Question

find a peer-reviewed article

Details

The class is ED 643 Reading in the Content Areas and the topic has to be related to Reading (I was thinking the B-D-A Instructional Framework).
The assignment is as follows:
Locate a scholarly, peer review article on one of the topics covered in this course. Provide a summary of the major points of the article and implications for teaching. The article review should be between one and half to two pages in length. The citation should be in APA format and placed the end of the article review.

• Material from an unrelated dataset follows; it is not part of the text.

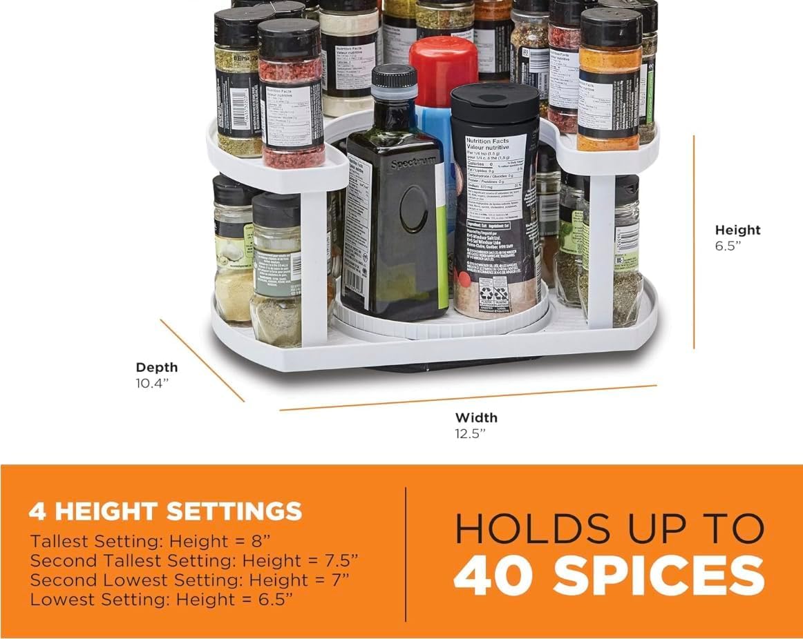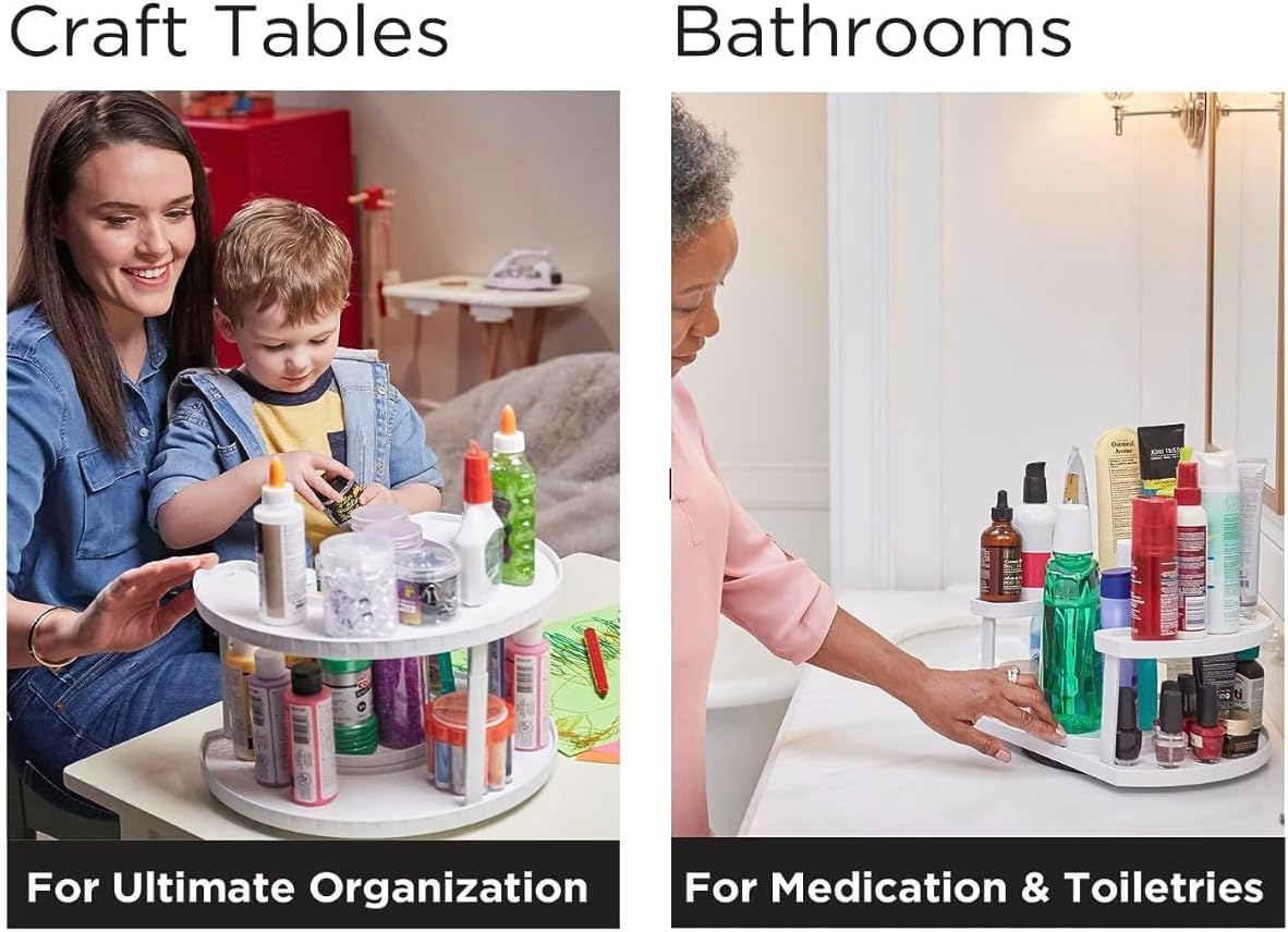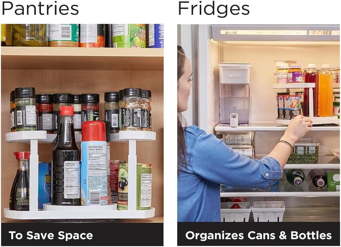 Mantén todo en orden y al alcance con este organizador giratorio tipo Lazy Susan. Su diseño de doble nivel y gran capacidad lo hace ideal para la cocina, el baño, el área de limpieza o incluso el tocador.

Answered By: Emily Thornton
Last Updated: Sep 01, 2020     Views: 18

I would start with the "Advanced Education Research" libguide: https://libguides.brenau.edu/grad-ed . The advantage is that it's a curated collection of resources specifically for Brenau grad ed students. It shows you more sources than GALILEO alone would, and also it has fewer technical issues, as you've seen!

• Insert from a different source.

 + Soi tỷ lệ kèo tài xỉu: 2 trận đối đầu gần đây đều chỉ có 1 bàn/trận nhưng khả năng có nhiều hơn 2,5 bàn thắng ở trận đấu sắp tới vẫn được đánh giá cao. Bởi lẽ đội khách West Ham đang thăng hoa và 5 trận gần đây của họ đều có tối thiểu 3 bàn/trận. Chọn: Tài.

Once you're in the libguide, click the General Education tab. You'll see a list of several databases that are helpful for education research. I'm going to recommend the very first one, Education Source. It has tons of relevant articles, but for some reason they don't show up in a GALILEO search.

When you click Education Source, it may ask you to sign in. Use your Brenau username and password. Once you're past that, you'll see that the Education Source search page looks a lot like the GALILEO search page. They're designed by the same company, but the content and tools are slightly different.

Under the search box, click Advanced Search. That will give you the option to combine together search terms.

In the first line, I used as many synonyms for BDA as I could. Authors love to describe these frameworks in slightly different ways, which messes with our search results. I put "before-during-after" OR BDA OR "B-D-A" OR "before during after". Be sure to put the OR in caps. The quotation marks around phrases makes the phrase "stick together" so it only searches those words in that exact order.

I used the other lines to narrow my results to only relevant stuff. For example, when I first searched "before during after," I got a bunch of reviews of a novel called Before, During, After. We're obviously not interested in that, so I added more search terms to get rid of irrelevant results. I added model OR framework OR method (again assuming authors will describe this in different ways) and then reading to make sure our results are relevant to your general topic.

Now you should have 9 search results. Look on the left and click "Scholarly (Peer Reviewed) Journals" to filter your results. You should lose one non-scholarly result. The first result, Content Area Literacy in Ensemble Music Education: The Before-During-After Instructional Framework, looks pretty close to what you need.